Source information:
--------

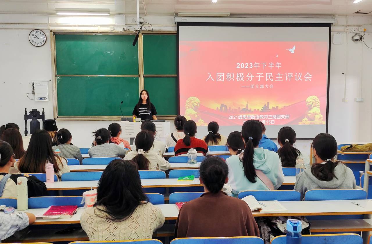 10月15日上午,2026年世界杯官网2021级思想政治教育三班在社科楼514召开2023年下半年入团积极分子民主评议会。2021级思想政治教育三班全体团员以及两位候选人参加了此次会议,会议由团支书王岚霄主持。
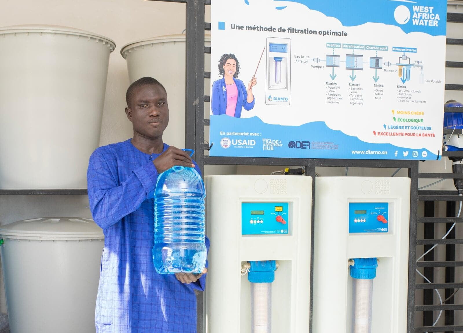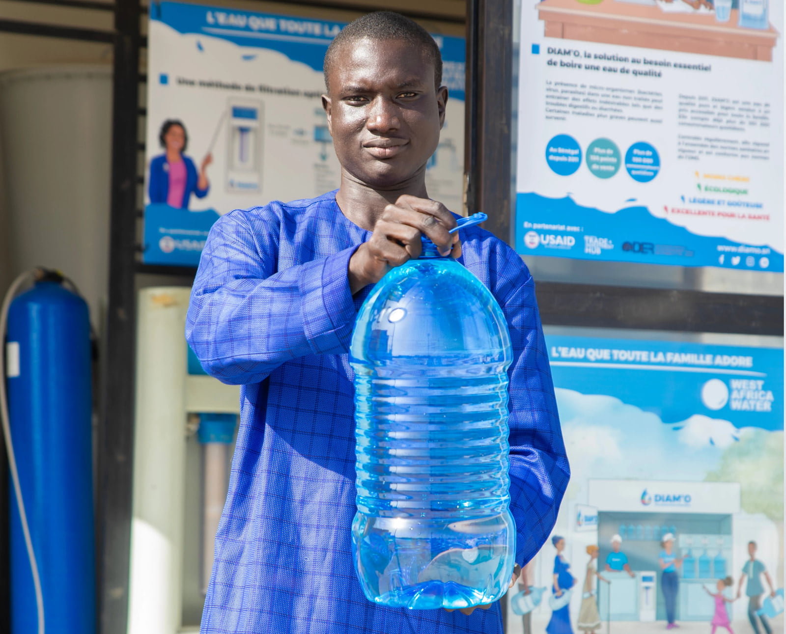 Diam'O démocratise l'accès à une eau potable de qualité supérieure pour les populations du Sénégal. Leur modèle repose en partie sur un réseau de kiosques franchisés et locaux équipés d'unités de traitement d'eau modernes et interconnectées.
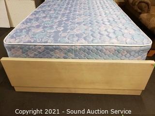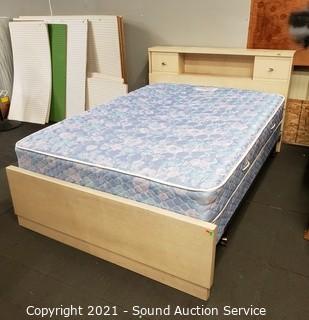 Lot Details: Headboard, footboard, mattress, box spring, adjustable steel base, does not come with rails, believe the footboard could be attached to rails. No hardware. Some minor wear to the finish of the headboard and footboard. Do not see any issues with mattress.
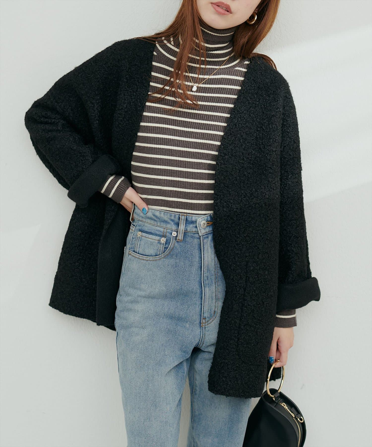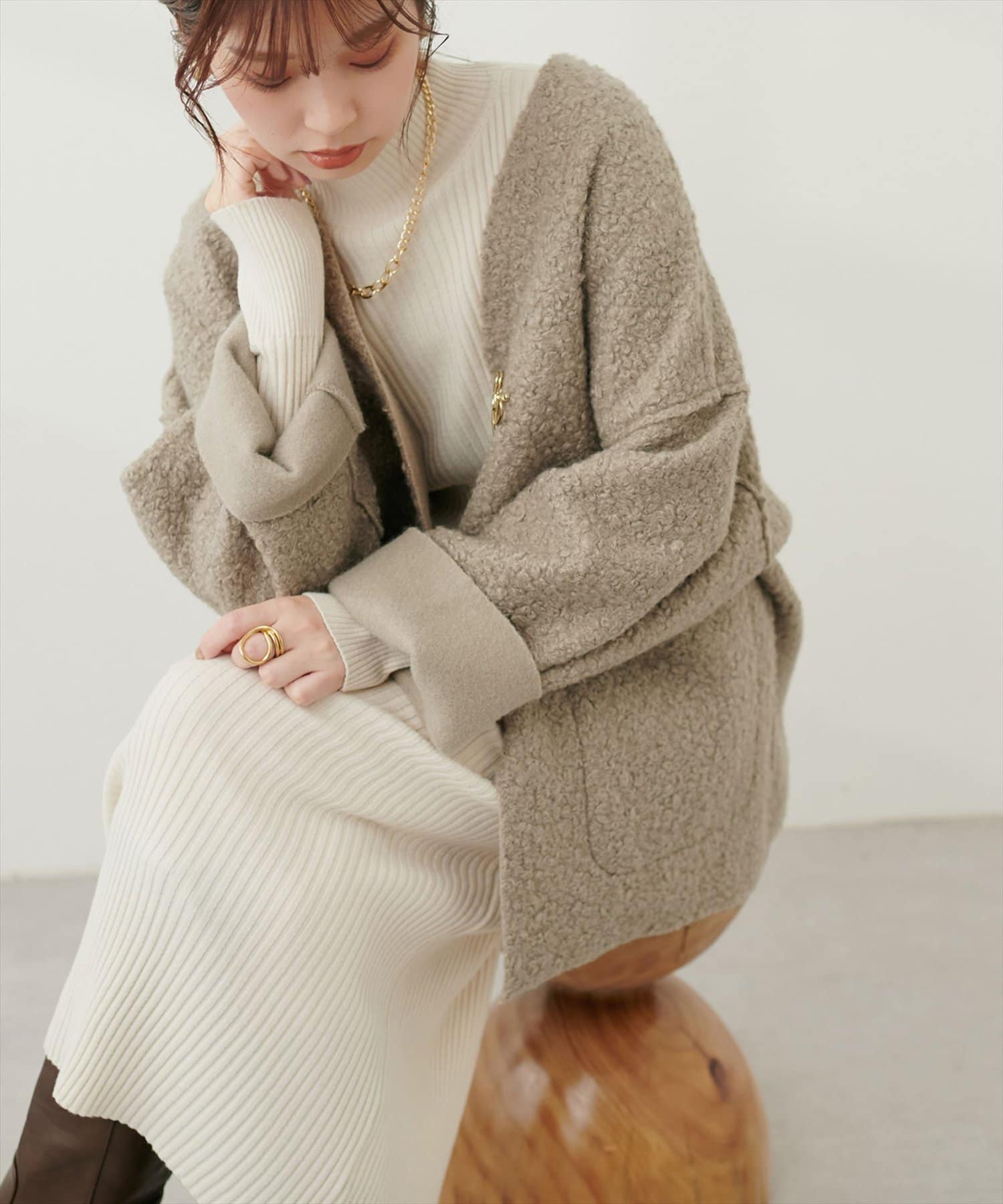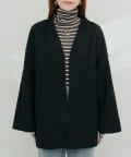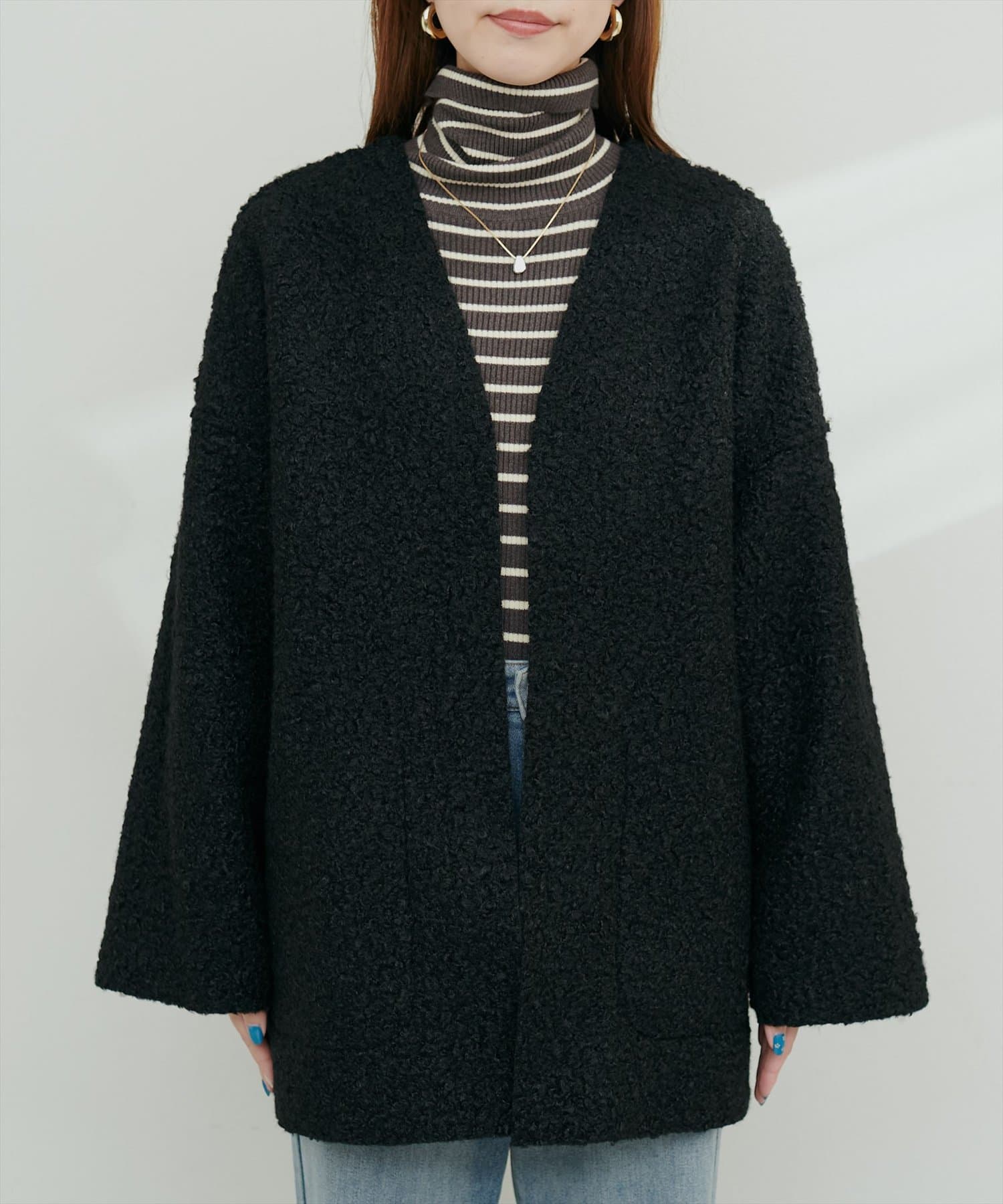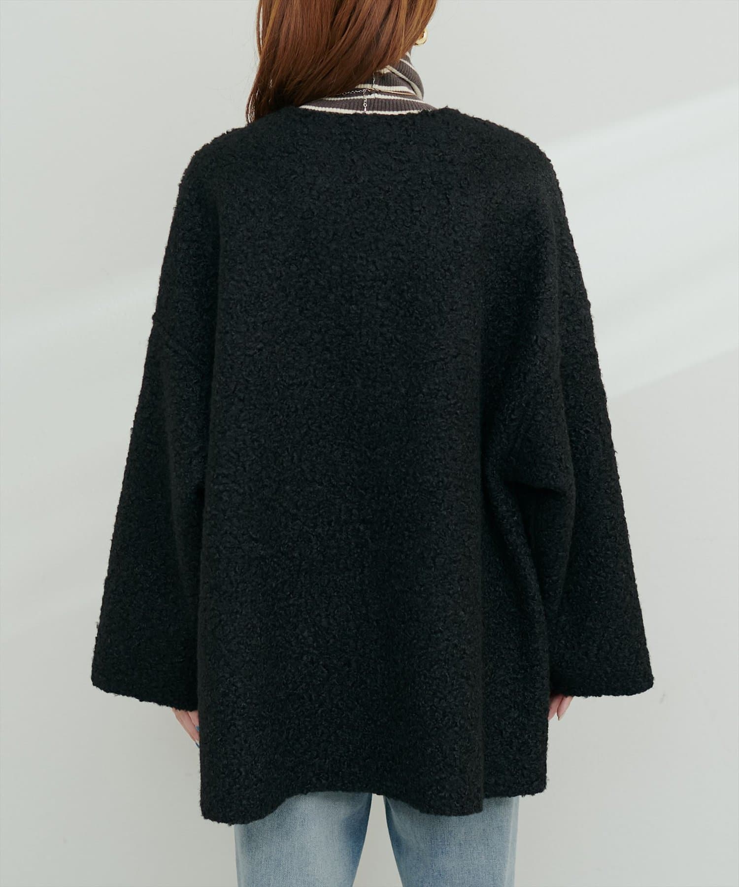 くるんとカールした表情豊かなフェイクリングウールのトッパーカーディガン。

--------

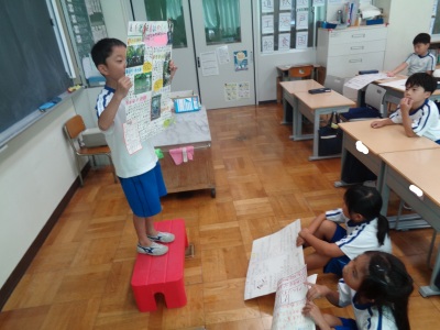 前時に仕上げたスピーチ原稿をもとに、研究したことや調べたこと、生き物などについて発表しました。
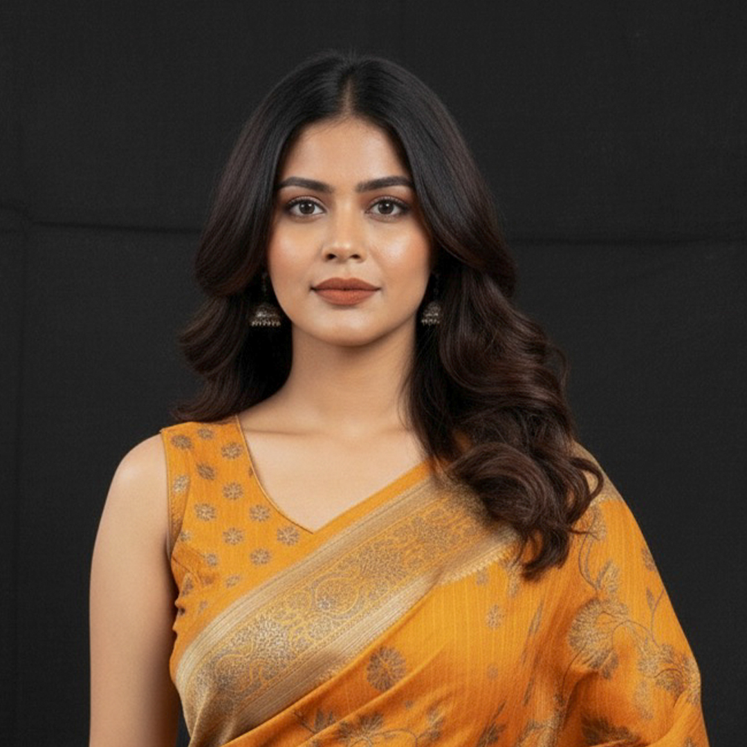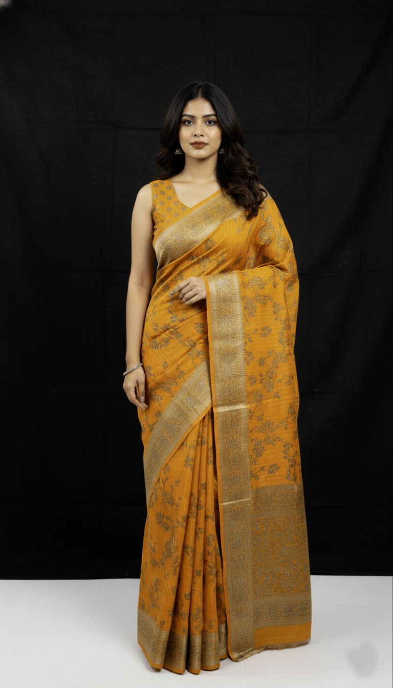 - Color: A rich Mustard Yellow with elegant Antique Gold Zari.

--------

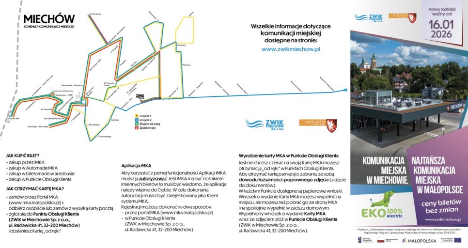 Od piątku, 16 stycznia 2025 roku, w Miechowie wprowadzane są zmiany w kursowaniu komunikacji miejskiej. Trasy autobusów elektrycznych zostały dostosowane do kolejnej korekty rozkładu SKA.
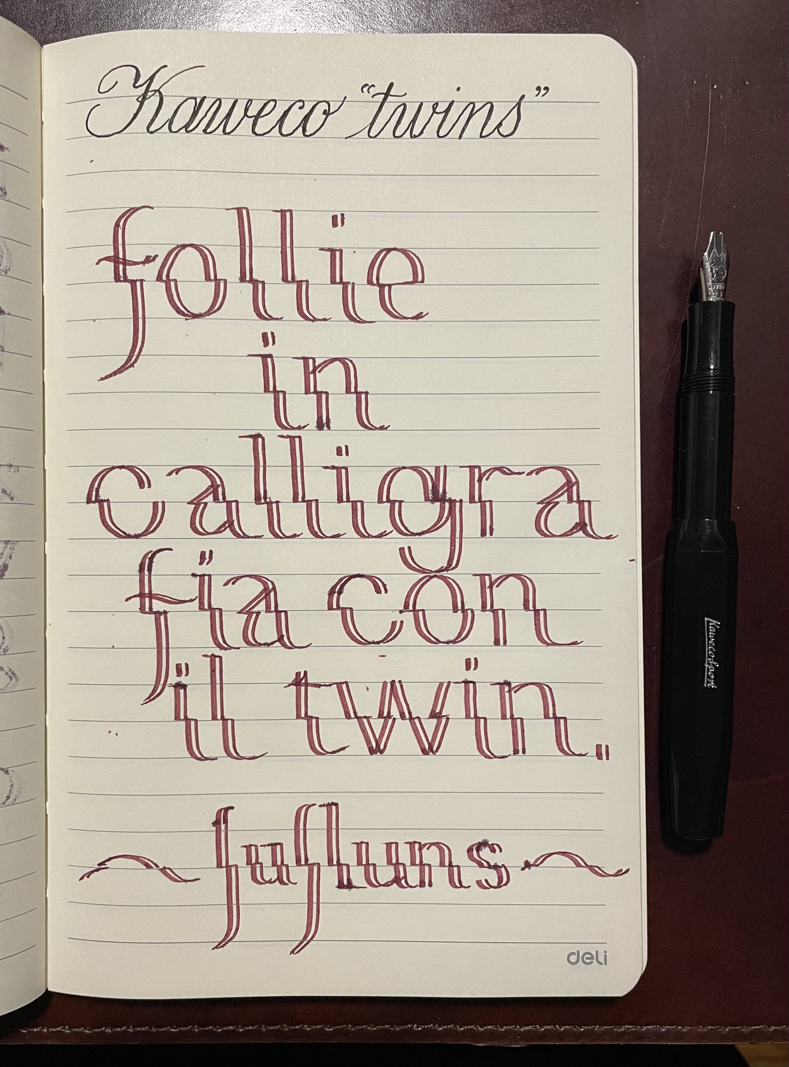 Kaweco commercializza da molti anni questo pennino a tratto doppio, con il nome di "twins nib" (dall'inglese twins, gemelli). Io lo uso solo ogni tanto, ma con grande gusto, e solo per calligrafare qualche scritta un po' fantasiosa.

--------

Required action:
Copy only what lies between the line with "Od piątku, 16" and the line with "Kaweco commercializza da", those two lines included, exactly as given above; pictures stay out.

Response area:
 Od piątku, 16 stycznia 2025 roku, w Miechowie wprowadzane są zmiany w kursowaniu komunikacji miejskiej. Trasy autobusów elektrycznych zostały dostosowane do kolejnej korekty rozkładu SKA.
 Kaweco commercializza da molti anni questo pennino a tratto doppio, con il nome di "twins nib" (dall'inglese twins, gemelli). Io lo uso solo ogni tanto, ma con grande gusto, e solo per calligrafare qualche scritta un po' fantasiosa.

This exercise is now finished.